Brasil y sus dos dramas: El “Petrolão”

antonio das mortes

Son dos dramas, bien diferentes, los que hoy se representan en el escenario de nuestro vecino del norte. Con consecuencias mucho más allá de sus fronteras. En especial, para nosotros. Uno es político, mediático y penal: un escándalo de corrupción que sacude al gobierno, a su clase política y a la empresarial. El otro es económico: una crisis con síntomas que se agravan mes a mes: déficit, desempleo, devaluación… Por primera vez desde la Gran Depresión de los ´30 en el siglo pasado, la economía de Brasil se achicará durante dos años seguidos.

No soy un experto en Brasil, aunque lo he visitado mucho y les tengo afecto. Eso sí, me parece evidente que los dos dramas están relacionados. Pero antes de acercarles mis reflexiones, quiero que repasemos los hechos. Sobre el “petrolão”, copio este informe de Marcelo Falak. Es de hace diez días, pero me parece una buena síntesis de lo que está pasando ahora. Luego agrego una observación

Primero fue una saga interminable de denuncias cotidianas contra varios de los empresarios más poderosos de Brasil y funcionarios del oficialismo sospechados de haber hecho negociados multimillonarios a expensas de Petrobras. Varios acusados, actuando como “arrepentidos” para obtener rebajas en sus seguras condenas, alimentaron las investigaciones y ampliaron su onda expansiva. El 14/7 todo escaló con una serie de allanamientos a fincas y oficinas de tres senadores, entre ellos un abonado a los escándalos: el inefable Fernando Collor de Mello. No por nada Luiz Inácio Lula da Silva viajó ese día de urgencia a Brasilia para entrevistarse con Dilma Rousseff y advertirle: “Preparate, porque las cosas van a empeorar”.

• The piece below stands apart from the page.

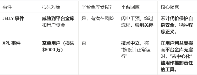 双重标準的利益计算逻辑:这种截然不同的处理方式暴露了清晰的利益计算公式:JELLY 事件威胁平台金库,触发干预;XPL 事件仅损害使用者利益且平台金库未受损,选择忽视。平台自身的资金安全始终是第一优先级,所谓的去中心化原则只是在不威胁平台核心利益时的装饰品。使用者的 6000 万美元损失在平台眼中只是「市场风险」,而平台的潜在损失则需要通过破坏去中心化来紧急救援。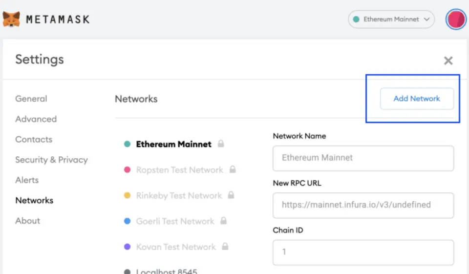 Binance Smart Chain’i eklemek için sağ üst köşedeki Add Network’e tıklayın. Binance Smart Chain seçeneği mevcut olmadığı için parametreleri ayrı ayrı girmeniz gerekir.

No se equivocó. El 16 el golpe fue doble: la noticia que el Ministerio Público investiga por “tráfico de influencias” en un caso conexo al propio Lula y la denuncia de otro delator contra el poderoso presidente de la Cámara de Diputados, Eduardo CunhaLa clase política entró en un estado de pánico total en Brasilia ante un tsunami político-judicial que amenaza con barrer todo a su paso.

Los reflejos de los senadores ante los allanamientos fueron de defensa corporativa. Denunciaron abusos de la Policía Federal, embistieron contra el Supremo Tribunal Federal (la corte suprema) que le había dado mandato y amenazaron con escalar hacia un conflicto de poderes. La “honra” de Collor no es el único motivo para la alarma: la lista de sospechosos en el cuerpo excede a los tres allanados y se sabe que se siguen los pasos del presidente de la casa, Renan Calheiros, aliado del ya dos veces caído en desgracia exmandatario.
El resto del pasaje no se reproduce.